'THE HEART WHERE I WILL SPEAK': The confessional: tribunal of mercy: A
good counselor is not measured if one is a good adviser, but a good
listener. Attentive, silent listening encourages the troubled to unload.
Unloading empties the excesses of the heart. When the heart is emptied,
illumination comes in. A solution to the problem! Wisdom from above!
Eureka! God speaks to the heart of a person! That is the essence of
confession. A counselor needs not give advice, but facilitates the
troubled to have a good confession so that God Himself can speak to
man's own heart. But when a confessor does give advice, it is not one
that reprimands: for, the confessional is a 'Tribunal of Mercy.' God is
Mercy: so must the priest-confessor, God's own representative on earth,
show mercy. Reprimanding
discourages further and later confessions. Confessing sins committed is
not an easy thing to do. Confessing itself is a sign of repentance --
even if confessed sins are habitual. Will a man be denied the sacrament
of confession just because of habitual sins? Is his lot a condemnation?
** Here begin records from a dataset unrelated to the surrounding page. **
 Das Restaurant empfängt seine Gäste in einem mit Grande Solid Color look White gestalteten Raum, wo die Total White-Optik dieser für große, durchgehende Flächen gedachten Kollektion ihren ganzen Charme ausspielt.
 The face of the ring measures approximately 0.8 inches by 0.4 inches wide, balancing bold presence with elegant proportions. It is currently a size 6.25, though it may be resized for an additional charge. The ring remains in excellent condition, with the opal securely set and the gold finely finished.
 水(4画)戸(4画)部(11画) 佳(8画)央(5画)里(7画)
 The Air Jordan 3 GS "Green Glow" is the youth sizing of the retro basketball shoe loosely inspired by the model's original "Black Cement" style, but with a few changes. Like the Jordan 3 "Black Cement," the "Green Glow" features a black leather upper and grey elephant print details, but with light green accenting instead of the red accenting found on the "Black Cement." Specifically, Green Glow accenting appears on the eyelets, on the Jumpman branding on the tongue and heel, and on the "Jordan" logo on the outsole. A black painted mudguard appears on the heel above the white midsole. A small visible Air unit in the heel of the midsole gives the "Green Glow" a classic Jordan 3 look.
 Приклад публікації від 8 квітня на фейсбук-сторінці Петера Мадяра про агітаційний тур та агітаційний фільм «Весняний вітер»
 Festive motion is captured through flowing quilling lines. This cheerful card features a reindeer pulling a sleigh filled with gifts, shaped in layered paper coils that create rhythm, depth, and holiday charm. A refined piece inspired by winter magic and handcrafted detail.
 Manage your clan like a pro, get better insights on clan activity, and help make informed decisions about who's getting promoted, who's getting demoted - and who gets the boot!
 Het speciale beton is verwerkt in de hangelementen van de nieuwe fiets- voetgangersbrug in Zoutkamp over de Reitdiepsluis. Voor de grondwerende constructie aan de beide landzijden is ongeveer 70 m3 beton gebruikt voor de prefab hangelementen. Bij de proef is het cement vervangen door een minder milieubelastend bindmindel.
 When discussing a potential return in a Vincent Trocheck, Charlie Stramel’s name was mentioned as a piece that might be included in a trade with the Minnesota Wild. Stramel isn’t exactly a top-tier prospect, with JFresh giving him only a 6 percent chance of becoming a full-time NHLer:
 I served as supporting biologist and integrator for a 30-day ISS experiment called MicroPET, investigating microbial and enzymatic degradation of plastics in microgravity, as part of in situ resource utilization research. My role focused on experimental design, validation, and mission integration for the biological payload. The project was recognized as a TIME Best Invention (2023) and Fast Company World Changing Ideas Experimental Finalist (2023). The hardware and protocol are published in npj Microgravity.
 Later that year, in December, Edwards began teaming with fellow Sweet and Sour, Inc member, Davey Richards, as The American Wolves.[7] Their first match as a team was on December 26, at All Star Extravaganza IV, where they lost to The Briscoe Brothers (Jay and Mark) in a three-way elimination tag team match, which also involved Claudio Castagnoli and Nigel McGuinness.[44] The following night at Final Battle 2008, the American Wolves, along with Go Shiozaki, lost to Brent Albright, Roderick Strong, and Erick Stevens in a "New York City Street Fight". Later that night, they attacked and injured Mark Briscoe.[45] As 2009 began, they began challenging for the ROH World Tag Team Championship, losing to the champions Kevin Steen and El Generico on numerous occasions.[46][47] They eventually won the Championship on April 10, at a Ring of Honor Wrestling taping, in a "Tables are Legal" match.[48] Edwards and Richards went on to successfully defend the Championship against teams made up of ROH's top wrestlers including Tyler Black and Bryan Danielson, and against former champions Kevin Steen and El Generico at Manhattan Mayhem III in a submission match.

Bad habits are signs of being under an ancestral bondage and curses
which can only be broken off by the highest form of prayer, the Holy
Eucharist! All the more that the person prone to habitual sins, needs
mercy: attention, prayers and frequent confessions of temptations to
avoid committing the same sins. When
people are discouraged to confess again and they receive the Body of
Christ in the Holy Eucharist with unclean hearts, men of God in the
confessionals are answerable to God. One
more thing: does face-to-face confession encourage a good, honest
confession? Certainly not, because most withhold the shameful, secret
sins of the heart. Go back to the confessionals with windows covered
with linen or something that prevents the confessor from knowing the
identity of one who confesses. The confessor must not even look at the
window. Trying to know who confesses is already committing gossip in his
heart as well as comparing confessed sins with fellow confessors,
directly or indirectly. Jesus Christ is One Who hears confessions using
the ears of priests; thus, what is heard inside the confessional must
only be between the Lord and one who confesses.